Gdy z bramki znika taki fachowiec jak Manuel Neuer, to nieważne kogo by się wsadziło na jego miejsce i tak jego brak będzie odczuwalny. Bayern Monachium przekonał się o tym chociażby w meczu z Wolfsburgiem, gdy rezerwowy Sven Ulreich popełnił fatalny błąd przy strzale Arnolda i wpuścił klopsa. Fani monachijczyków mogą zadrżeć, ponieważ niewykluczone, że leczenie niemieckiego numeru jeden potrwa dłużej niż przewidywano, nawet do marca.
Neuer wypadł Bayernowi w połowie września, gdy odnowiła mu się kontuzja lewej stopy. Niemiec złamał kość śródstopia, która wykluczyła go z okresu przygotowawczego i początku sezonu. Pierwotnie mówiło się, że 31-latek wróci do grania na początku stycznia, ale teraz pojawiły się wątpliwości i jego absencja może przeciągnąć się do lutego, a nawet i marca. Oto co powiedział bramkarz:
Rana po operacji musi pozostać czysta i się zaleczyć, a następnie muszą w pełni zrosnąć się kości. To może potrwać nawet pół roku.
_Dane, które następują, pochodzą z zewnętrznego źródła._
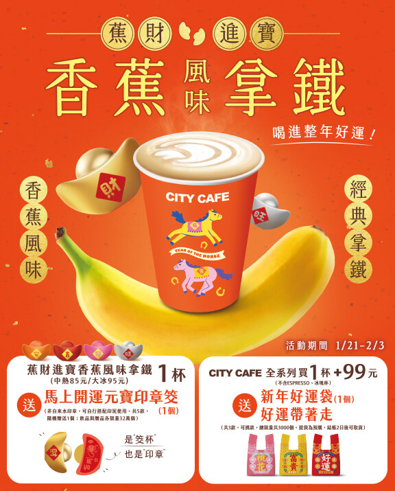 7-11 自 1 月 21 日起開賣全新「蕉財進寶香蕉風味拿鐵」,中杯熱飲 85 元、大杯冰飲 95 元,將濃厚香蕉香氣與滑順拿鐵結合,帶來新年限定風味。凡購買任一杯,即可免費獲得「馬上開運元寶印章筊」1 個(共 5 款隨機:好運、財運、成功、安康、戀愛),兼具擺飾與擲筊祈福功能,並隨袋附贈 OPEN 祝福小卡,搭配印泥即可蓋印祝福語。此外,購買 CITY CAFE 全系列任 1 杯,加價 99 元即可換購「馬上開運新年好運袋」,3 款造型可自由選擇。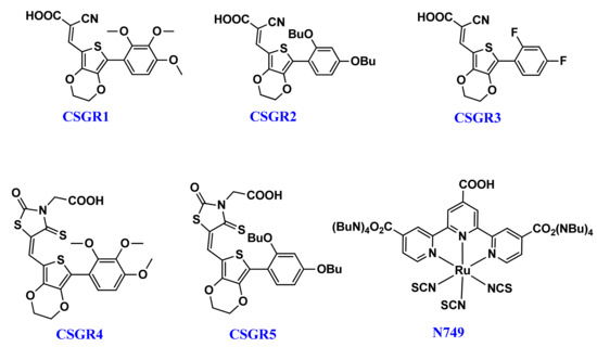 3,4-ethylenediox-thiophene (EDOT) unit has been widely used as a conjugated bridge unit between the acceptor and donor groups of DSSC dyes, due to its capability to accelerate co-planarity and enhance the light harvesting capacity [41]. So far, 6% efficiency has been reported with EDOT based dyes, which were further extended to 8.2% by optimizing the anchoring group [30]. To carry forward the advantages of small organic co-sensitizers in cocktail DSSC and emphasize the role of EDOT central moiety, we have designed five small size new organic co-sensitizers coded as CSGR1-CSGRR5 in D-π-A manner. These five co-sensitizers (CSGR1-5), as shown in Figure 1, were synthesized by changing the donating groups (2,3,4-trimethoxypheny, 2,4-dibutoxyphenyl, 2,4-difluorophenyl) and anchoring groups (cyano-acrylic acid (CA) and rhodamine acetic acid (RA)) systematically and their DSSC performance as co-sensitizer with the N749 dye was examined. The final structure of CSGR1-5 dyes and N749 were shown in Figure 1.

Kluczowe w całej tej sytuacji jest stwierdzenie, że "może", bo z drugiej strony SportBild podaje, że jeśli nie będzie komplikacji, to zobaczymy Neuera planowo, w styczniu. Nic nie jest wiadome i wszystkie opcje trzeba brać pod uwagę, a jak życie pokazało nieraz, czasem lepiej leczyć się dłużej i zniwelować ryzyko kolejnego urazu, niż powrócić za szybko i wracać do szpitala zanim się na dobre z niego wyszło. Neuer mówi, że jest dobrej myśli i pozostaje jedynie życzyć mu zdrowia. Na Mundial pojedzie na pewno.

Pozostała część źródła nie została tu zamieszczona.